Performance expectancy (PE)
Effort expectancy (EE)
Social influence (SI)
Facilitating conditions (FC)
Hedonic motivations (HM)
Habit (H)
Behavioral intention to use (BI)

Invites were sent out to 20 under graduate students and 10 industry developers requesting for participation in the evaluation survey. While the invites were sent randomly to 20 undergraduate students from a class of 40, we had a filter that the undergraduate students selected have computer science as their major, in our academic institution. The industry developers were randomly chosen based from different organizations, through their Linkedin^{Footnote 12} India profiles, where the users mention their work profile and details.

We received acceptance responses from 11 students and 4 industry developers. Thus, we considered 15 volunteers, in the age group of 19–44 years. The volunteers included 6 female students, 5 male students and 2 female industry developers and 2 male industry developers. Of all the participants, 12 of them stated that they were very familiar or familiar to using e-textbooks, while three of the participants marked their familiarity as neutral. A 5-point Likert scale based questionnaire of 30 questions, based on the six attributes of UTAUT2, presented in Table 1 and other required demographic information such as age and familiarity, was then circulated among the volunteers. While the first 6 questions of the questionnaire referred to demographic information, the rest 24 questions dealt with attributes of adapted UTAUT2 model, similar to the following questions.
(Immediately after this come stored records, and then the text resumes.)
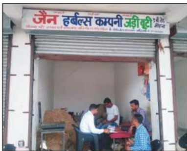
फोटो-2: लघुवनोपज व्यापारी, मोहना, जिला ग्वालियर से जानकारी प्राप्त करते हुये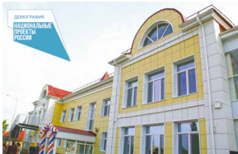
Открытие детского сада на 21-й Рабочей

Для воспитанников созданы комфортные условия: уютные спальные и групповые комнаты, интересные конструкции детской мебели, разнообразный игровой, дидактический материал. Установлены удобные кабинки для одежды. Все оборудование выполнено в яркой цветовой гамме. В здании имеются спортивный и музыкальный залы, медицинский блок. Предусмотрены автоматическая пожарная сигнализация с выводом сигнала на пульт управления пожарной охраны, тревожная кнопка и запасные эвакуационные выходы.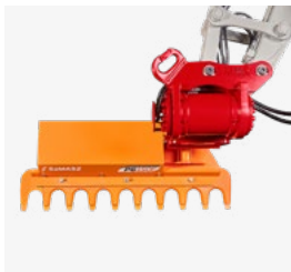
Heckenschere PG150 F

Using TAnnotator would increase my productivity in learning. (Rate from Strongly Disagree to Strongly Agree)
TAnnotator has displayed facts and examples relevant to content in the e- textbook. (Rate from Strongly Disagree to Strongly Agree)
My interaction with the TAnnotator is clear and understandable. (Rate from Strongly Disagree to Strongly Agree)

Table 1 Adapted UTAUT2 Questionnaire and the corresponding mean and standard deviation values obtained after the user survey

Full size table

The volunteers were explained about TAnnotator and were requested to use the portal through the provided link. They were asked to read through the textbook provided and consequently view the tips presented on the portal. They were then asked to answer the circulated questionnaire.

The questionnaire and corresponding results are presented here.^{Footnote 13}

Results

All questions of the questionnaire sent for user survey were classified into corresponding UTAUT2 factors and labelled accordingly. These questions were answered based on a 5-point Likert scale from Strongly Disagree to Strongly Agree. During analysis of the results, the highest score, 5 has been assigned to strongly agree and the lowest score, 1 has been assigned to strongly disagree. Mean and standard deviation of the results have been calculated for each of the questions and the resultant scores are plotted on a graph, that is presented in Fig. 4. The horizontal axis of the graph comprises of question codes for all the questions based on the factors they correspond to, while the vertical axis comprises of mean and standard deviation scores. The mean value of the questions indicates the extent of acceptance, while standard deviation indicates the mutual level of agreement among the participants.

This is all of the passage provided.